One of the old National appnotes does a single-slope ADC at 20 or 24
bits or something.

One interesting thing about this technique is the the differential
linearity is essentially perfect. That can be handy for stuff like
nuclear detector histogramming or electric meters.

I haven't seen that AN but after getting Fred's highly accurate CC generator a
few days back I simply ran that onto a standard 100nF ceramic cap for the ramp
generator.

Comparing the results with a 10 digit meter I got accuracy within 0.005% of the
Vrefs I was using. That's quite amazing for a dollars worth of comparator and
discretes.

Gibbo

 

[ChrisGibboGibson]

AN260 January 1981. Like the one described by the OP, it's essentially
a serial single-slope converter, so the capacitor dielectric
absorption doesn't affect the linearity as it does in a dual-slope
converter, and the comparator sees the same dv/dt in the same
direction for reference and unknown measurement.
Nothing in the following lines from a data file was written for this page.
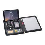 Папка А4, изработена от лепена кожа, включваща външна батерия (капацитет 5000 mAh), USB-кабел, 8 джоба, джоб за мобилен телефон, халка за химикал, джоб за таблет и бележник.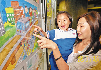 由昨日起地鐵港島沿線包括灣仔等共10車站,已設社區畫廊,展出多位小學生的作品,為地鐵乘客在煩囂中忙裡偷閒,鬆弛神經。 本報記者李志樑 攝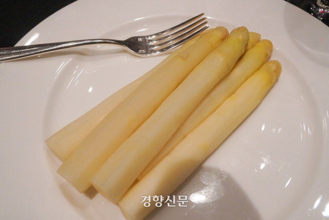 의문은 곧 풀렸다. 이날 식탁에 오른 아스파라거스는 한국에서 흔히 볼 수 있는 아스파라거스의 모습과는 사뭇 달랐다. 마치 양초처럼 두껍고 길쭉한 모양이었다. 색깔은 녹색이 아닌 노르스름한 빛이 도는 흰색이다. 독일인에게 전형적인 아스파라거스는 바로 이 ‘화이트 아스파라거스’다. 흰색 때문에 ‘하얀 금’, ‘식용 상아’로도 불리는 화이트 아스파라거스는 독일에서도 귀하게 취급받는 식재료다. 안톤 숄츠 기자는 “한국에서는 쉽게 찾을 수 없는 채소이다 보니 매년 이맘때가 되면 독일 사람들은 아스파라거스를 많이 그리워한다”고 설명했다. 국내에서 수급이 쉽지 않은지라 한독상공회의소는 이번 디너를 위해 독일 라인란트 지역 농장에서 200㎏의 아스파라거스를 공수해왔다.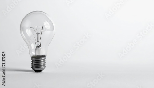 Single light bulb placed on a white background symbolizing business concepts with ample copy space for text ideas

Doesn't take much leakage across the capacitor or current source to
reduce the linearity at midscale down to the 12-bit level though.

I might have known you'd spot the flaw!

At low scale or high scale the accuracy is absolutely remarkable. In between
these limits it's only amazing. Still fantasically good for the money (almost
none) though.

Gibbo

 

[Spehro Pefhany]

One of the old National appnotes does a single-slope ADC at 20 or 24
bits or something.

AN260 January 1981. Like the one described by the OP, it's essentially
a serial single-slope converter, so the capacitor dielectric
absorption doesn't affect the linearity as it does in a dual-slope
converter, and the comparator sees the same dv/dt in the same
direction for reference and unknown measurement.

One interesting thing about this technique is the the differential
linearity is essentially perfect. That can be handy for stuff like
nuclear detector histogramming or electric meters.

John

Doesn't take much leakage across the capacitor or current source to
reduce the linearity at midscale down to the 12-bit level though.



Best regards,
Spehro Pefhany

 

[ChrisGibboGibson]

AN260 January 1981. Like the one described by the OP, it's essentially
a serial single-slope converter, so the capacitor dielectric
absorption doesn't affect the linearity as it does in a dual-slope
converter, and the comparator sees the same dv/dt in the same
direction for reference and unknown measurement.


Doesn't take much leakage across the capacitor or current source to
reduce the linearity at midscale down to the 12-bit level though.

And I'd also like to see any other *serious* contenders for A/D at sensible
accuracy levels for next to *no* outlay.

Gibbo

 

[Dave VanHorn]

Doesn't take much leakage across the capacitor or current source to

reduce the linearity at midscale down to the 12-bit level though.

Only 12 bits? Well damn..

I did something like this for a printer.
We needed to read a thermistor, but didn't have an A/D
So, I used the thermistor through a diode to charge a cap, and a fixed
resistor through another diode to discharge the same cap. Cap value factors
out, and the diodes are mounted together, and track nicely. Worked well
enough.

 

[nospam]

And I'd also like to see any other *serious* contenders for A/D at sensible
accuracy levels for next to *no* outlay.

Two precision voltage references, a precision current source, a comparator,
3 way multiplexor and a microprocessor is next to no outlay?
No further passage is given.